**WORK ITEM**
Retype all the entries word for word, but omit the pictures.

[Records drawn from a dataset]
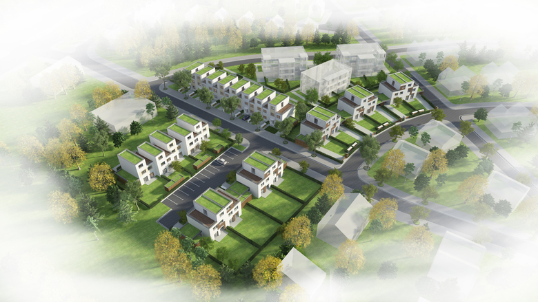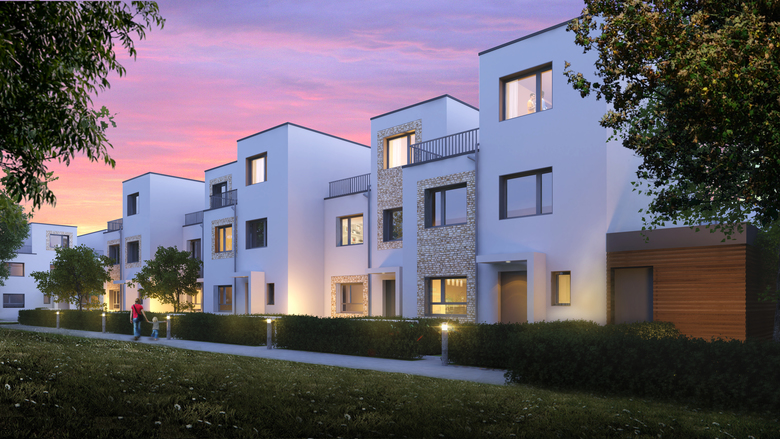 Ein architektonisch eigenständiges Esemble aus Ein- und Mehrfamilienhäusern bildet den städtebaulichen Auftakt für die Entwicklung des nördlichen Abschnitts im Offenbacher Baugebiet An den Eichen in Waldheim-Süd.
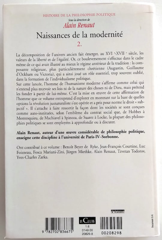 Ont contribué à ce volume : Benoît Beyer de Ryke, Jean-François Courtine, Luc Froisneau, Fosca Mariani-Zini, Jürgen Miethke, Alain Renaut, Tzvetan Todorov, Yves Charles Zarka.
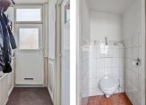 In de hal met hoog plafond zie je een hoog plafond, een mooie lambrisering en de meterkast. Ook kun je vanuit de hal de toiletruimte, met een wandcloset en lichte wandtegels bereiken.
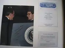 U.S. President George H. W. Bush congratulates Richard Behar upon his receiving the Worth Bingham Prize for writing the Time article (1992).
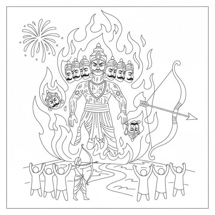 An illustration shows the burning of the effigy of Ravana with ten heads amidst flames. A figure stands with a bow and arrow aimed, while crowds cheer in the background. A firework is seen in the uppe...Read more
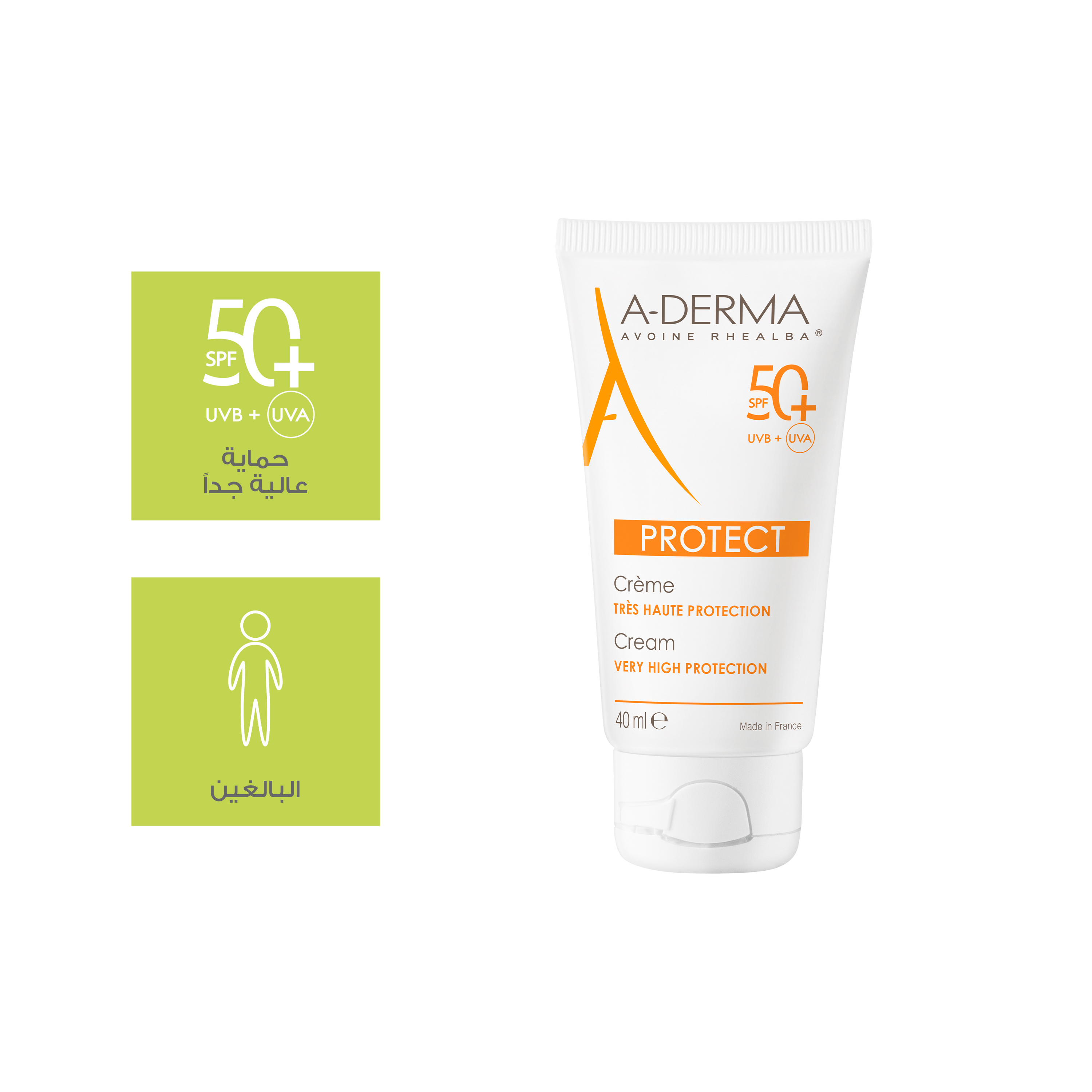يوفر A-DERMA Protect Sunscreen Cream SPF 50+ 40ml حماية عالية جدًا من أشعة الشمس الضارة UVA وUVB، مع عناية متكاملة للبشرة الحساسة والضعيفة. يتميز بتركيبة خالية من العطور تساعد على تقوية الحاجز الطبيعي للبشرة وحمايتها من أضرار الشمس. كما تمنح تركيبته الكريمية ترطيبًا وراحة طويلة الأمد، لتبقى البشرة ناعمة ومحميّة أثناء التعرض للشمس.

**SOLUTION TO THIS TASK**
 Ein architektonisch eigenständiges Esemble aus Ein- und Mehrfamilienhäusern bildet den städtebaulichen Auftakt für die Entwicklung des nördlichen Abschnitts im Offenbacher Baugebiet An den Eichen in Waldheim-Süd.
 Ont contribué à ce volume : Benoît Beyer de Ryke, Jean-François Courtine, Luc Froisneau, Fosca Mariani-Zini, Jürgen Miethke, Alain Renaut, Tzvetan Todorov, Yves Charles Zarka.
 In de hal met hoog plafond zie je een hoog plafond, een mooie lambrisering en de meterkast. Ook kun je vanuit de hal de toiletruimte, met een wandcloset en lichte wandtegels bereiken.
 U.S. President George H. W. Bush congratulates Richard Behar upon his receiving the Worth Bingham Prize for writing the Time article (1992).
 An illustration shows the burning of the effigy of Ravana with ten heads amidst flames. A figure stands with a bow and arrow aimed, while crowds cheer in the background. A firework is seen in the uppe...Read more
يوفر A-DERMA Protect Sunscreen Cream SPF 50+ 40ml حماية عالية جدًا من أشعة الشمس الضارة UVA وUVB، مع عناية متكاملة للبشرة الحساسة والضعيفة. يتميز بتركيبة خالية من العطور تساعد على تقوية الحاجز الطبيعي للبشرة وحمايتها من أضرار الشمس. كما تمنح تركيبته الكريمية ترطيبًا وراحة طويلة الأمد، لتبقى البشرة ناعمة ومحميّة أثناء التعرض للشمس.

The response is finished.